Figure 1. Perfusion pressure in SH rats is higher than WKY at comparable flow.

Figure 1

A, baseline perfusion pressure (PP; mmHg; mean ±s.e.m.) at similar flow rates for each of the age groups. This shows the expected trend of increasing pressure with age. Notably, at all ages, the SH rats had significantly higher perfusion pressures than age matched WKY. B, mean phrenic burst duration was not different between strains at each age (n= 5 per group, P= 0.06, P= 0.12, P= 0.06 for neonate, 3-week-old and 5-week-old groups, respectively). Representative examples of phrenic bursts for each group show the eupnoeic pattern required, indicating adequate flow to the preparation.

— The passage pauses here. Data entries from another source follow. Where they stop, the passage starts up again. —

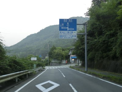 | 長閑な雰囲気の2車線快走路を走っていると緩やかな勾配を上って名もなき峠を越えて京都府亀岡市に入る。府境からしばらくは沿線に建物のない状態を走るが、勾配は非常に緩やかである。 | ||
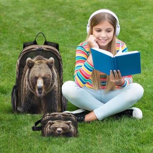 ALAZA Bear Portrait Animal Kids Backpack Elementary Girls Boys Bookbag Rucksack Primary School Bag Backpack Set with Lunch Bag
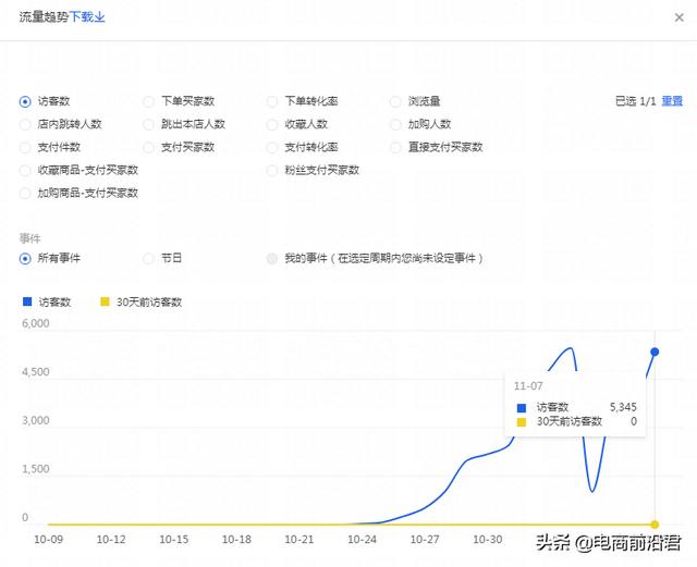 在这个图的数据中,我们可以清楚的看到,在活动期间,除了1号开始开门红的那一天,2号的流量开始直线下降,5号达到最低值,6号受第二波活动预售的影响,流量开始逐渐攀升。从这里我们不难发现,活动时段的节奏对市场流量的影响很大,尤其是在第一波和第二波活动中,前期流量会有所下降,但在活动当天爆发,除了活动当天,活动结束后的流量都会受到不同程度的影响,所以这里可以解决大部分商家的疑惑,这几天流量下降这么厉害的原因,市场上的每一个商家都会受到不同程度的影响。

C, perfusate flow values for each age group showing similar flows were required to achieve eupnoea in both WKY and SHR at each age (n= 5 per group, ns). D, vascular resistance was significantly higher in SH rats in the neonate and 5-week-old groups (n= 5 per group). Student's t test, *P < 0.05 compared to WKY.

All sympathetic nerve activity was recorded at T8–T10 under similar conditions from the sympathetic chain using a bipolar suction electrode. Baseline tSNA was recorded for 10 min followed by baroreceptor and peripheral chemoreceptor reflex testing.

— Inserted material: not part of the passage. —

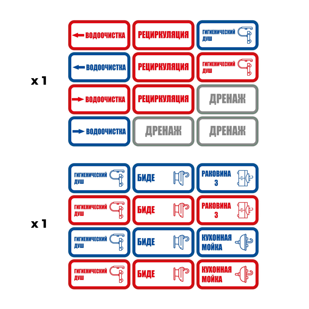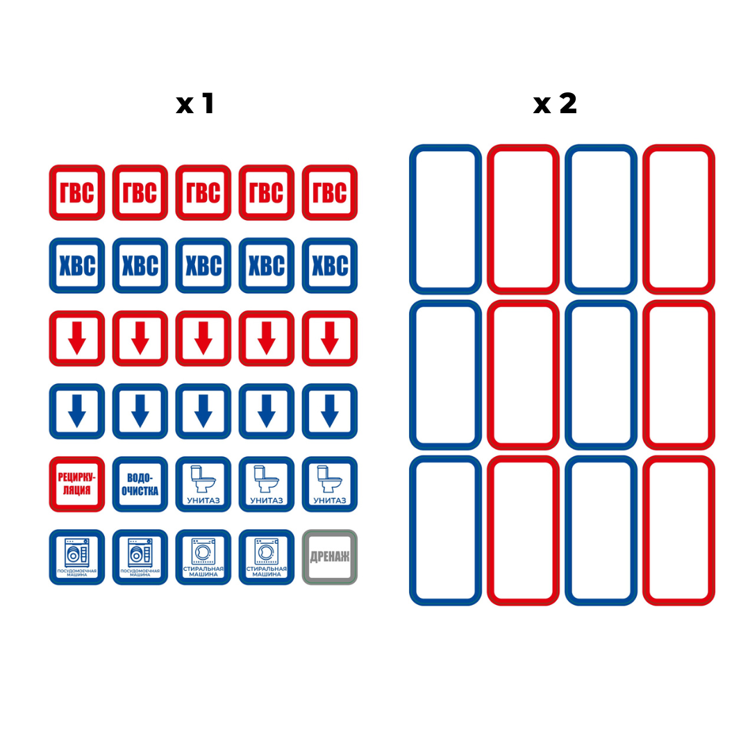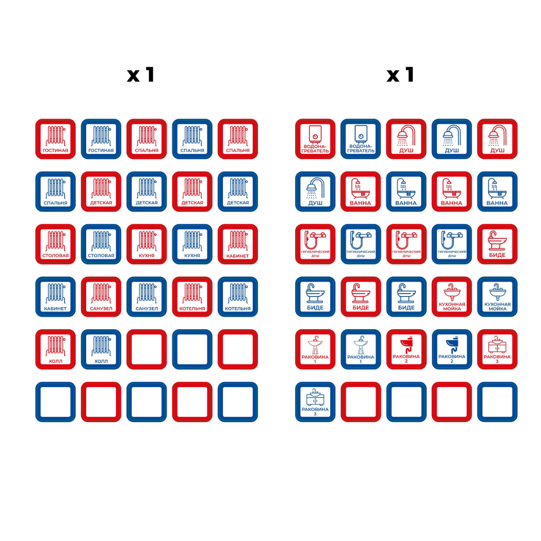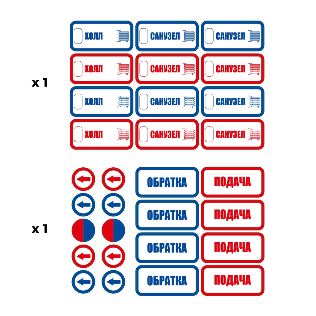 Комплект термостойких наклеек (374 шт) для сантехники, труб водоснабжения и отопления, А5, VDOMEVODA интересное:

Cardio-respiratory reflexes

Baroreceptor reflex

The baroreceptor reflex was stimulated by intra-arterial administration of phenylephrine (10 μg bolus; i.a.) to increase PP and produce reflex sympathoinhibition and bradycardia. The non-cardiac sympathetic component of the baroreflex was quantified as percentage inhibition/Δpressure (% mmHg−1). The degree of sympathoinhibition was calculated by ratioing the average integrated tSNA during the peak of the PP increase against the average activity from two preceding equivalent time periods, at equivalent stages of the respiratory cycle. This was performed using a custom written Spike2 script as previously described (Simms et al. 2007).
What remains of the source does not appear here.